Some years ago I did sail briefly on a double hulled tanker (130000dwt) with the usual P+S U-shaped ballast tanks, however one set was common which I think was 4 across, and presumably this worked on the flume principle. I could be wrong as I was only onboard for 6 weeks and can't otherwise remember much about it (I try to suppress most of my tanker memories these days!).


----------



## jimthehat (Aug 5, 2006)

John Campbell said:


> I am writing an article about the Texaco Westminster , a tanker built withour bilge keels but with Tanks 3X constructed as a Flume tank. It was a spectacular sight to see it in operation when in ballast but it played hell with tank ladders and was not much good and bilge keels were retro fitted. Does anyone on our site have any experience of flume tank operation?
> JC


sailed for years on a ship that had flume tanks and she still rolled like nothing on earth.
She was an ex US landing ship that had been bought by the germans and used as a prison ship she was then bought by our company ,underwent a complete refit and entered service with A.S.n in 1967 and named the Celtic ferry,she then ran during the winter months from felixstowe to Antwerp ,was laid up during the summer in barrow, and finally taken out of service in 1974 and sold the following year.
I think that the company supers just looked at the huge hole that was her cargo deck,but I dont know if she was profitable,We normally had 2 tugs leaving Felixstowe and 2 on arrival.
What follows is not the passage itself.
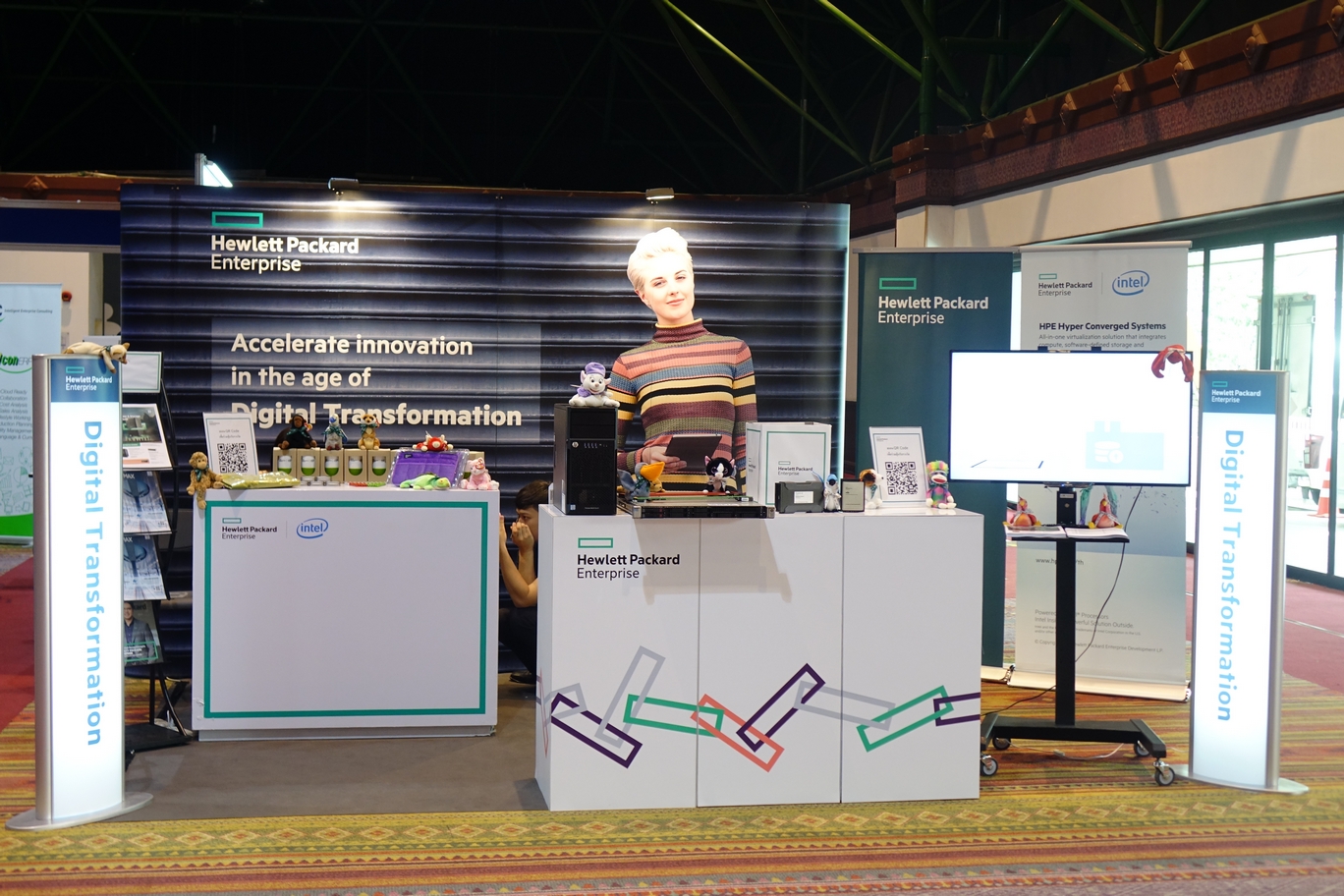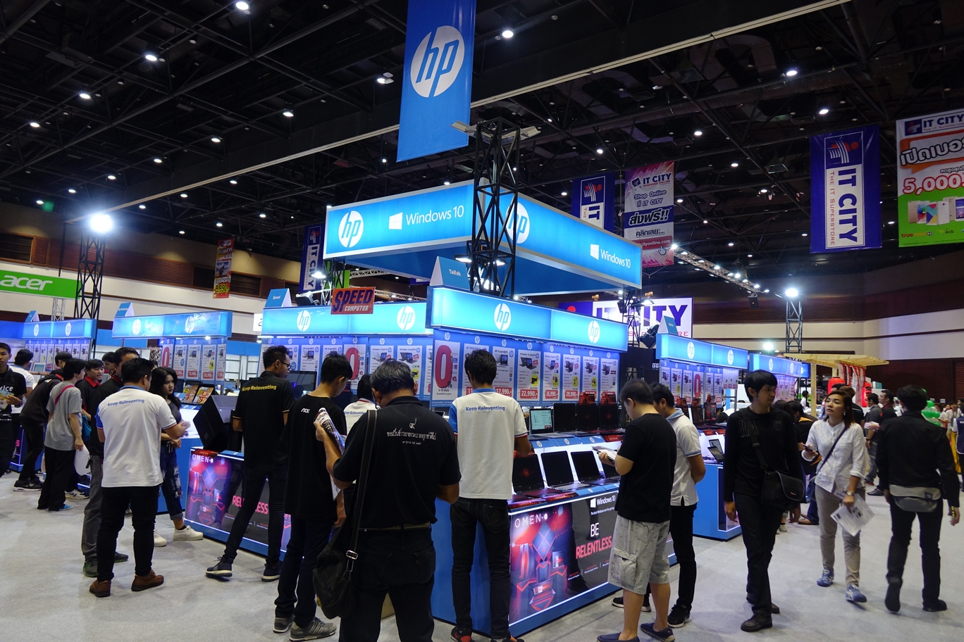 แบรนด์ HP บูธสีฟ้าสดใส นำแล็บท็อป และพีซี ทั้งสายใช้งานทั่วไป และสายเกมเมอร์อย่างตระกูล Omen รวมถึงน้องใหม่อย่าง HP Z2 Mini พีซีตระกูล Workstation ไซส์เล็ก สำหรับงาน CAD มาจัดแสดงและจำหน่าย

At Antwerp it was two tugs into the locks and 2 out to the berth and the same on departure.
She was twin screw steam turbines,quietest ship ever and no vibration.

jim


----------



## Varley (Oct 1, 2006)

Sonehaven (therfore Esso Mercia?) had flume tanks. Between Eilat and Persia there was not often the weather to see how effective they were. Some spectacular water trees (lest the greens pillory me) when tank cleaning with ullage port/tanks open in moderate rolling.


----------



## jamesgpobog (Feb 18, 2012)

John Campbell said:


> I am writing an article about the Texaco Westminster , a tanker built withour bilge keels but with Tanks 3X constructed as a Flume tank. It was a spectacular sight to see it in operation when in ballast but it played hell with tank ladders and was not much good and bilge keels were retro fitted. Does anyone on our site have any experience of flume tank operation?
> JC



Just read about them. So what's the general consensus on them? Work or no?


----------



## Klaatu83 (Jan 22, 2009)

The first ship I was on as 3rd Mate had flume tanks. That was the old USNS Bowditch, which was originally built during WW-II and which was scrapped many years ago. The tanks were added on when the ship was converted from a general cargo ship into a survey vessel. Although I never had anything to do with their operation, the ship rolled very deeply and stiffly, and those tanks certainly didn't seem to do much to alleviate that condition.


----------



## Derek Roger (Feb 19, 2005)

Thos. and Jno Brocklebanks mv Maihar and mv Mahsud had flume tanks fitted. They were located under the deck house between 3 and 4 hatches , The deck hosue was split Port side inert gas generator Stbd side was a small control room for the flume tanks which had the valves and gauges to determine what was in the tanks .
Cant remember the details now but the amount of water put into the tanks ( I think there were 2 ) was critical a dependant on the ships GM and exsisting period of roll before filling to a determined level . 
My experience was that they worked well when filled correctl ; in really heavey weather they tended to loose a lot of water through the air pipes . If this was not refilled to the correct levels they were not as effective .

Regards Derek


----------



## MervynHutton (Feb 1, 2008)

John Campbell said:


> I am writing an article about the Texaco Westminster , a tanker built withour bilge keels but with Tanks 3X constructed as a Flume tank. It was a spectacular sight to see it in operation when in ballast but it played hell with tank ladders and was not much good and bilge keels were retro fitted. Does anyone on our site have any experience of flume tank operation?
> JC


Hi John,

Have just posted a bit about Flume tanks under Tanker section, Texaco Hamburg. Can talk to you about her system a bit more if you pm me. It sure as hell didn't work anyway!!


----------